Gerard van Honthorst
Gerard van Honthorst (November 4, 1592 - April 27, 1656), also known as Gerrit van Honthorst and Gherardo della Notte, was a Dutch painter of Utrecht. He was brought up at the school of Abraham Bloemaert, who exchanged the style of the Franckens for that of the pseudo-Italians at the beginning of the 16th century.
Infected thus early with a mania which came to be very general in the Netherlands, Honthorst went to Italy in 1616, where he copied the naturalism and eccentricities of Michelangelo da Caravaggio. Home again about 1620, after acquiring a considerable practice in Rome, he set up a school at Utrecht which flourished exceedingly. Together with his colleague Hendrick ter Brugghen he represented the so-called Dutch Caravaggisti. In 1623 he was president of his gild at Utrecht, where had he married his cousin. He soon became so fashionable that Sir Dudley Carleton, then English envoy at The Hague, recommended his works to the earl of Arundel and Lord Dorchester. In 1626 he received a visit from Rubens, whom he painted as the honest man sought for and found by Diogenes Honthorst.
The queen of Bohemia, sister of Charles I and electress palatine, being an exile in the Netherlands, gave him her countenance and asked him to teach her children drawing; and Honthorst, thus approved and courted, became known to her brother Charles I, who invited him to England in 1628. There he painted several portraits, and a vast allegory, now at Hampton Court, of Charles and his queen as Diana and Apollo in the clouds receiving the duke of Buckingham as Mercury and guardian of the king of Bohemia's children.
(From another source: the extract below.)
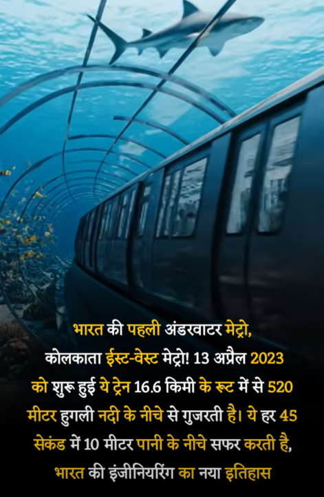 Kolkata East-West Metro! Started on 13 April 2023, this train runs on a route of 16.6 km, out of which 520 meters pass under the Hooghly River. It travels 10 meters below water in just 45 seconds, marking a new milestone in India’s engineering history.
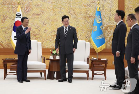 (서울=뉴스1) 허경 기자 = 아소 다로 전 일본 총리가 16일 청와대를 방문해 이재명 대통령과의 면담에 앞서 위성락 안보실장에게 인사하고 있다. 2026.1.16/뉴스1neohk@news1.krCopyright ⓒ 뉴스1. All rights reserved. 무단 전재 및 재배포, AI학습 이용 금지.

Charles I, whose taste was flattered alike by the energy of Rubens and the elegance of Van Dyck, was thus first captivated by the fanciful mediocrity of Honthorst, who though a poor executant had luckily for himself caught, as Lord Arundel said, much of the manner of Caravaggio's colouring, then so much esteemed at Rome.
It was his habit to transmute every subject into a night scene, from the Nativity, for which there was warrant in the example of Correggio, to the penitence of the Magdalen, for which there was no warrant at all. But unhappily this caprice, though sublime in Allegri and Rembrandt, was but a phantasm in the hands of Honthorst, whose prosaic pencil was not capable of more than vulgar utterances, and art gained little from the repetition of these quaint vagaries. Sandrart gave the measure of Honthorst's popularity at this period when he says that he had as many as twenty apprentices at one time, each of whom paid him a fee of 100 forms a year.